Jetzt musste er befürchten, alles wieder zu verlieren. Er hatte von vornherein gewusst, dass sie nicht für immer auf dieser Welt bleiben würden, sie war nur eine Zwischenstation, wo er mit seiner Flüchtlingsgruppe warten sollte, bis Remontoire und die anderen zu ihnen stießen. Doch die Zeit verging, die Zwanzigjahresgrenze wurde erreicht, ohne dass etwas geschah, und allmählich war er der Illusion erlegen, die Kolonie könnte doch von Dauer sein. Vielleicht hatte sich Remontoire nicht nur verspätet. Vielleicht würde der große Kampf zwischen der Menschheit und den Unterdrückern seine Welt aussparen.

Solchen Hoffnungen waren nie sehr realistisch gewesen, und jetzt musste er dafür bezahlen. Remontoire war eingetroffen, aber nicht allein, er hatte auch den Krieg mitgebracht. Wenn Khouris Aussagen stimmten, war die Lage mehr als ernst.

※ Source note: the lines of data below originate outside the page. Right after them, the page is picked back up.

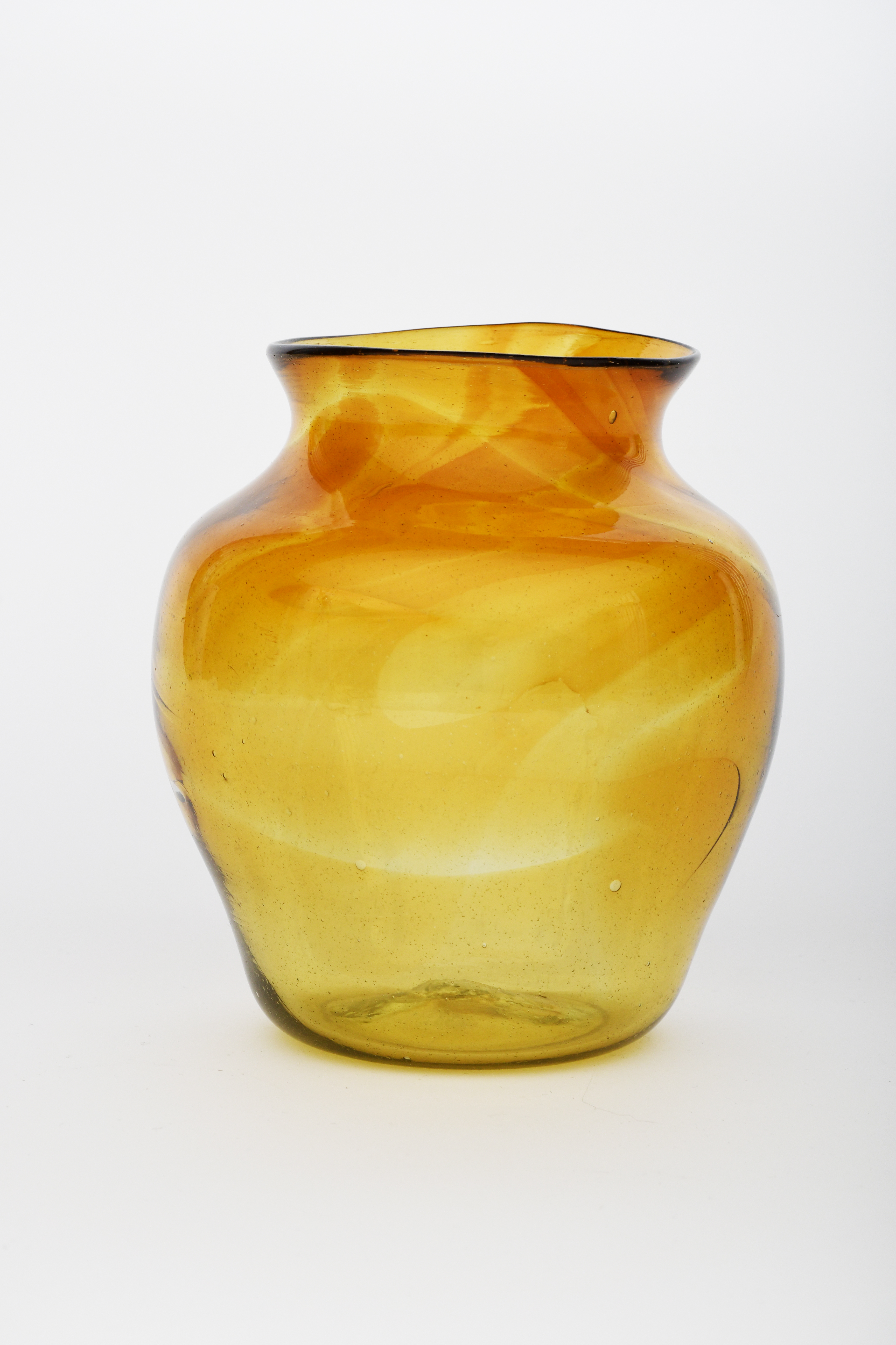 A James Couper & Sons Clutha glass vase possibly designed by Dr Christopher Dresser, shouldered form with flaring rim, amber glass with striations and air bubble inclusions, unsigned, 18cm. high
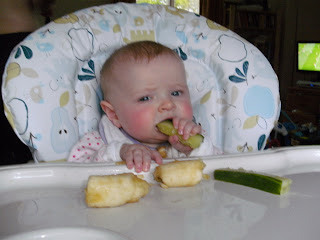In our first week we have tried broccoli, carrot, melon, pineapple, banana, cucumber and pear. All of which we have seen bit and pieces in her nappies, so something must be going in. Eating isn't the objective for the moment!
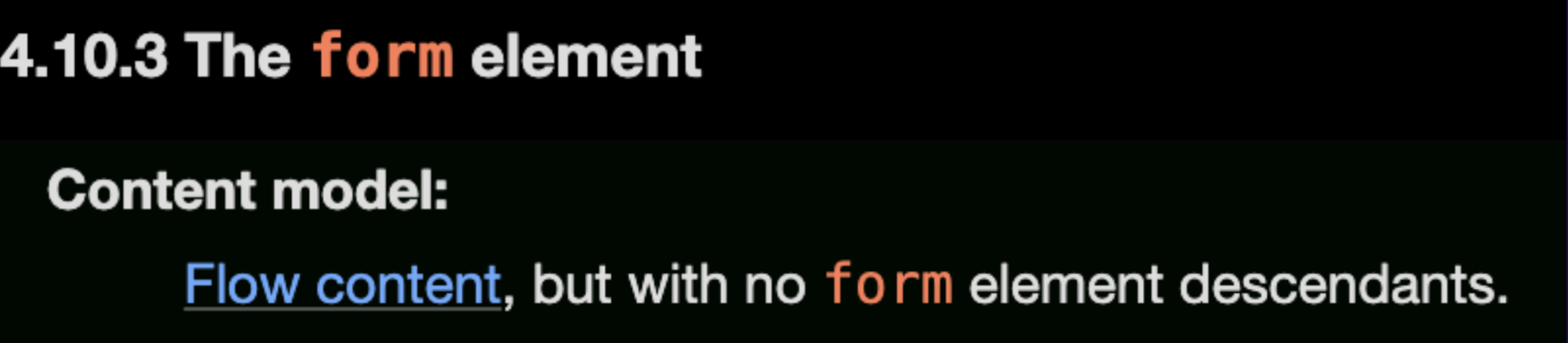 하지만 먼저, form 요소 내부에는 다른 form 요소가 중첩될 수 없다는 점을 이해해야 합니다: “콘텐츠 모델: 흐름 콘텐츠이지만, 하위 요소에 form 요소가 포함될 수 없음.” (사양서에 명시된 내용)
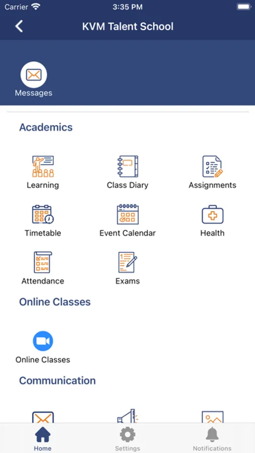KVM School provides communication app for parents using which they can download school announcements, Class assignments, can see attendance and activity.
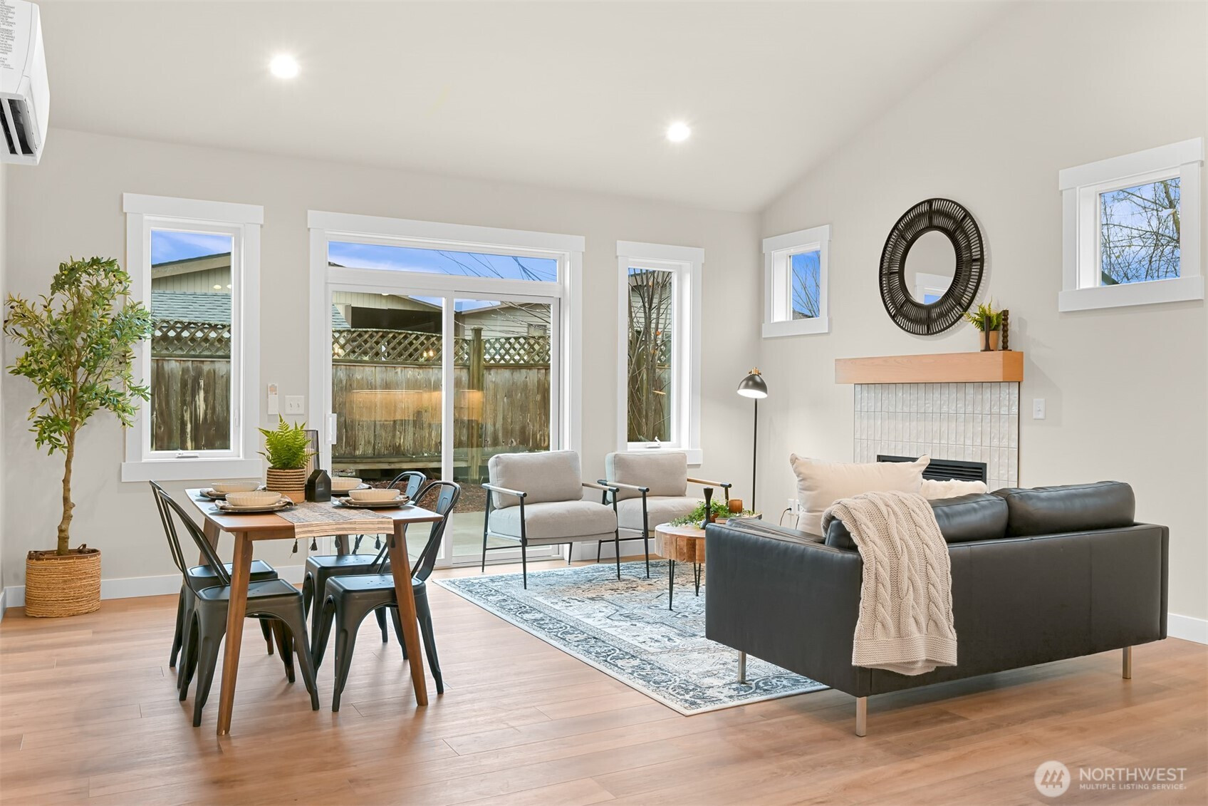 Brand New 55+ living! Single-level luxury with absolutely ZERO steps, situated at the end of a dead-end street. Intelligent design captures the essence of true Northwest architecture with a modern flair. Generously sized windows & vaulted great room ceilings create a light & airy atmosphere. Magnificent chef's kitchen fully loaded with quartz counter tops, stainless appliances, soft close drawers & under cabinet lighting. Spacious vaulted primary bedroom & a spa-like ensuite. Enjoy your own backyard with a patio & privacy fence, plus the convenience of an attached garage—all in a serene, quiet location, in a gated secure neighborhood. Efficient heating & A/C. Oversized 1 car garage with a lot of storage capacity & pre-wired for EV charger.

In der Ferne funkelten die Lichter. Die Stadt wirkte so vergänglich wie eine Staubschicht, die jeder Windstoß davonblasen könnte. Scorpio überfiel eine dumpfe Vorahnung. Jemand, der ihm nahe stand, schwebte in Lebensgefahr.

Er riss sich von dem Anblick los, drehte sich ruckartig um und strebte dem Konferenzraum zu.